• arkeolojik kazılarda bulunan yedi bin yıllık tohumundan üretim yapılmış. memlekette olumlu işlerle uğraşan kişiler de var.

    7 bin yıllık buğday
    (bkz: siyez buğdayı)

    edit (30.05.2017)
    fazla olumluymuş galiba:
    7 bin yıllık buğday da yerleşim de yok!
  • (bkz: topla topla topla)

    olm başımıza iş çıkarmayın, israil nasıl tohum satacak bize?
  • bu doğa şartlarında bir kaç hasata orijinallliği kalmayacak bozulacak buğday türüdür.
    ayrıca yeni bi şey gibi anlatılmış haberde. siyez buğdayı uzun zamandır var...
  • ciddi verimli toprakları olan türkiye toğumlarını hatta yediği her bir şeyi dışardan alıyor, bir karış toprağı olan ülkelerden tüm yiyecek ve içecekleri ithal ediyoruz.
    biz kendi zenginliğimizi bilmeyen bir toplumuz ama sebebi de maalesef devlet politikalarıdır.
    çiftçiye tarım yapmadığı için destek veren, onların tarıma teşvik etmeyen hükümettir.
    biz neden dünyanın işe yaramayan şeylerini yiyoruz....
  • siyez mi dedin? bırakın ya bunları. mis gibi israilli kardeşlerimiz, amerikan kardeşlerimiz tohum üretmiş, genleriyle uğraşmış...ithal edelim bunları acilen.

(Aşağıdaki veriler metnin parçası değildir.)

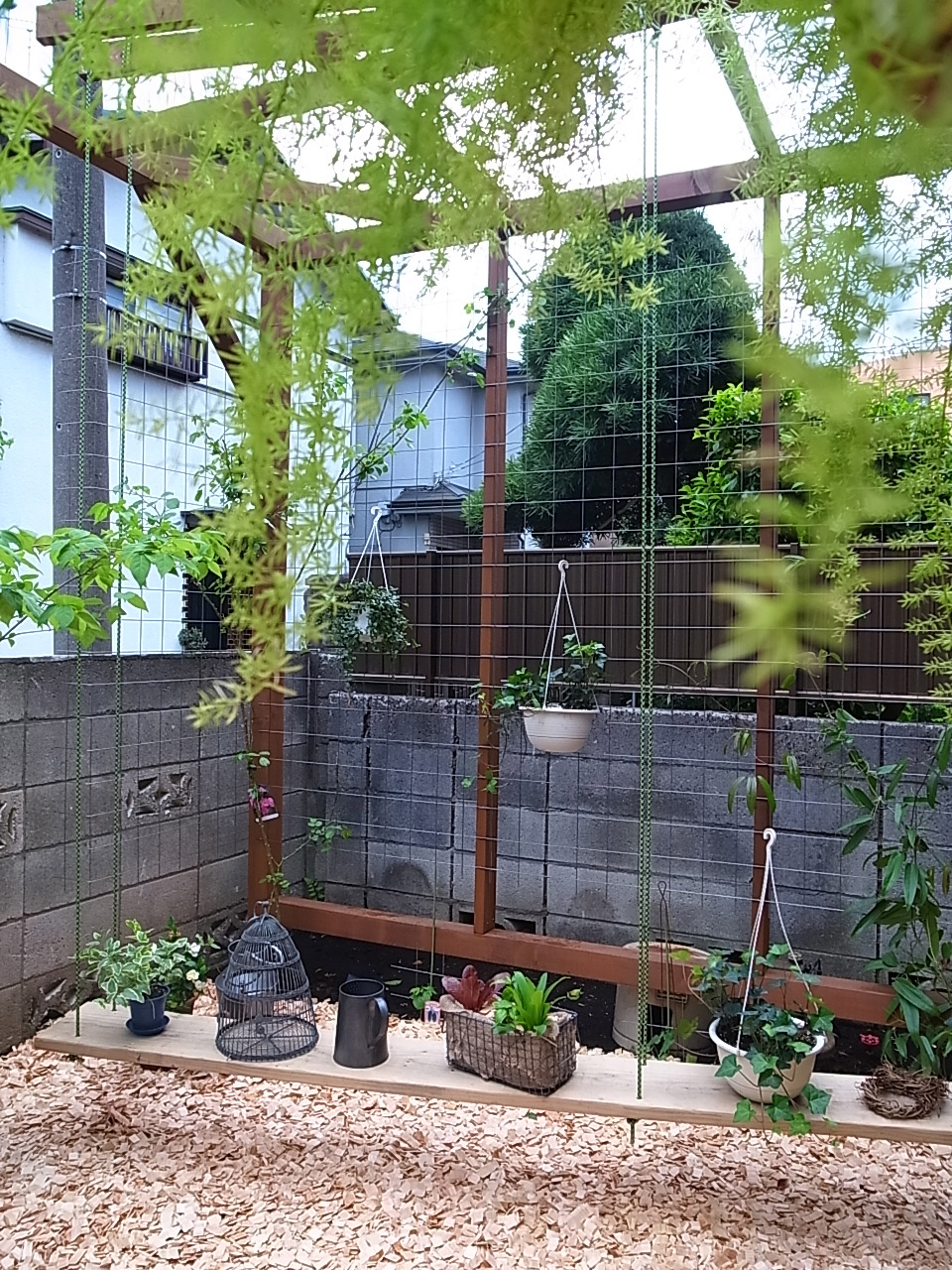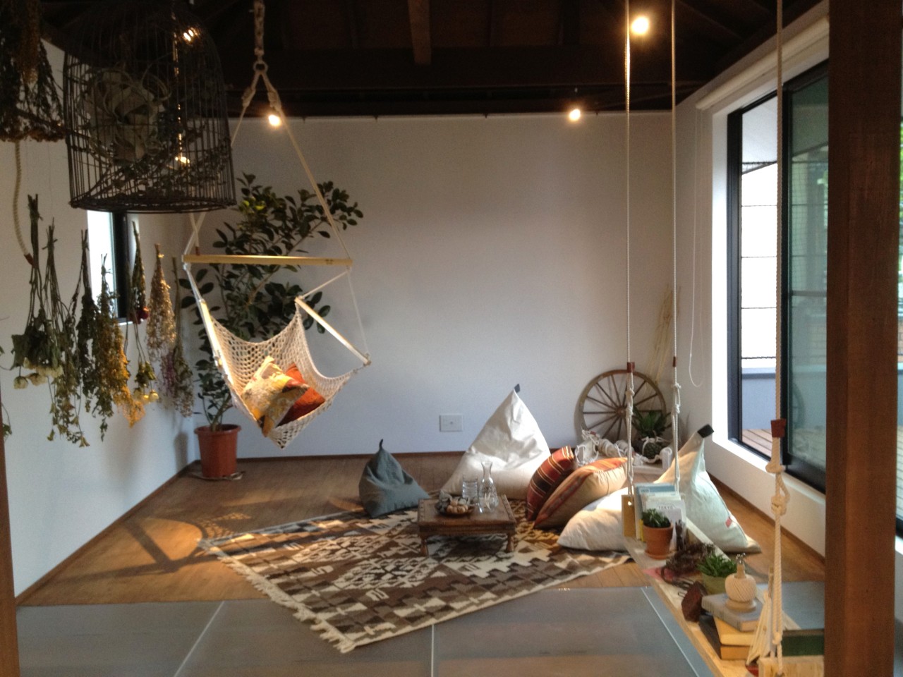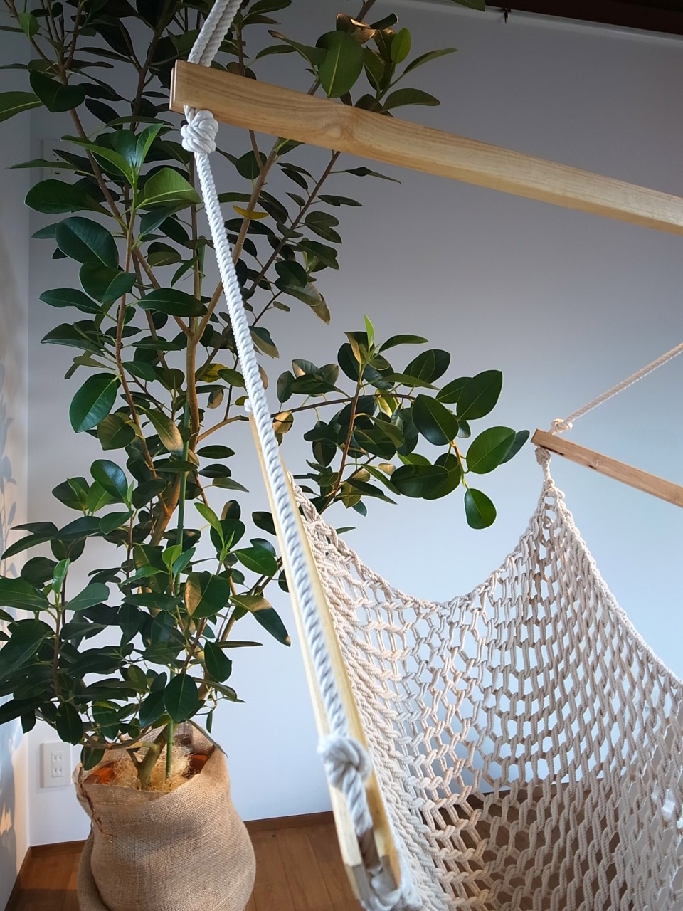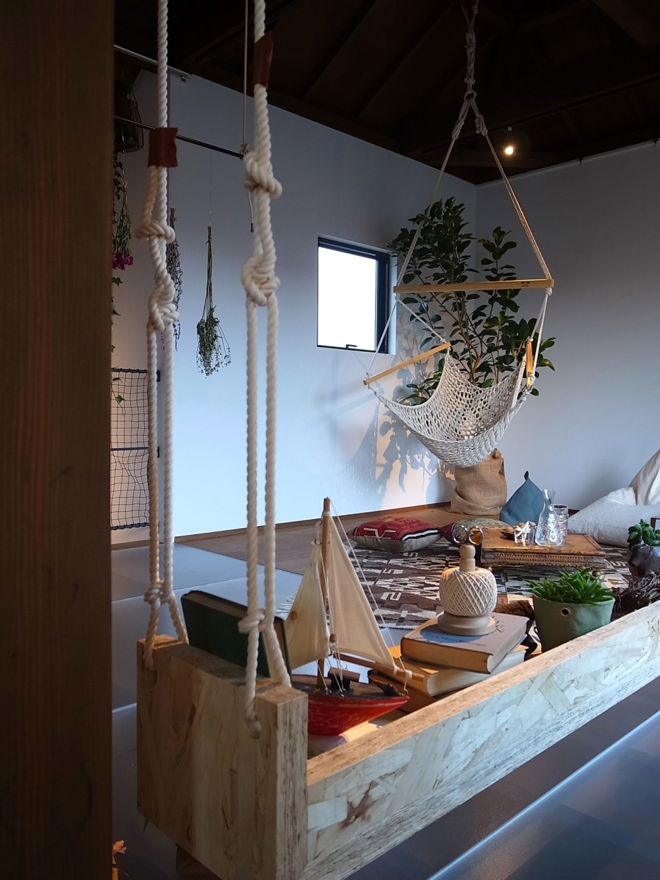 ロープワークで内と外にブランコを作り、バーやハンモックを吊るし、低くなりがちな目線を上げる工夫をしました。

    ayrıca ilaç endüstrisinin, ürettikleri pahalı ilaçları kullanacak hastalara ihtiyacı var...siyez neymiş...
  • siyez buğdayı türkiye'de az da olsa üretiliyor ama olabilecek en eski tohumdan üretim yapılması yine de önemli. umarım çoğaltılıp bu tohumlardan başkalarına da dağıtılır ve siyezin üretimi arttırılır. her şeyden önemlisi asla hibrit yapılmasına izin verilmemeli. haberde buğdayın boyuyla ilgili kısmı okuyunca çok sevindim. buğdayın hibrit yapılması kısır cüce buğdayın ortaya çıkmasına sebep oldu. bir gün cüce siyez buğdayı da görürsek bilelim ki o da hibrit yapılmış.
  • 3 yıldır siyez buğdayı ununu kullanmaktayım.

    bir diğer doğal buğday türü için kars yöresinden : (bkz: kavılca buğdayı)

    kastamonu'dan bizzat sipariş ederek kargo yoluyla getirtiyorum siyez ununu. vaktim olduğu zamanlarda ekmeğimi kendim yapıyorum evimde. başlarda yüzde yüz bu unu kullanarak yapıyordum ancak ekmek biraz sert gelip de hane halkı şikayet edince yarı yarıya beyaz unla karıştırmaya başladım. şimdi herkes gayet memnun. iki tür ekmek yapıyorum, biri yoğrulmadan yapılan büyük ekmeklerden, diğeri ise bazlama denen ekmeğin biraz daha incesi, lavaş gibi ama ondan kalın, sivas'ta pofuk diyoruz, başka yerde adı var mı bilmiyorum.

    un biraz kalın piyasa unlarına göre, rengi ise esmer, kokusu baskın, diğer una göre daha fazla su çeker içine, kalın olduğu içinse daha az kabarır. tadı çok lezzetli ve doyurucudur. derler ki bir dilim siyez ekmeği ormanda on beyaz ekmek gücündedir.
    bursa belediyesinin ekmek marketlerinde (bkz: besaş) yakın zamanda üretilip satılmaya da başlanmıştır, ama ben denemedim, kendim yapmak varken endüstriye gerek görmüyorum. ekmek yapıldığında kahverengi oluyor.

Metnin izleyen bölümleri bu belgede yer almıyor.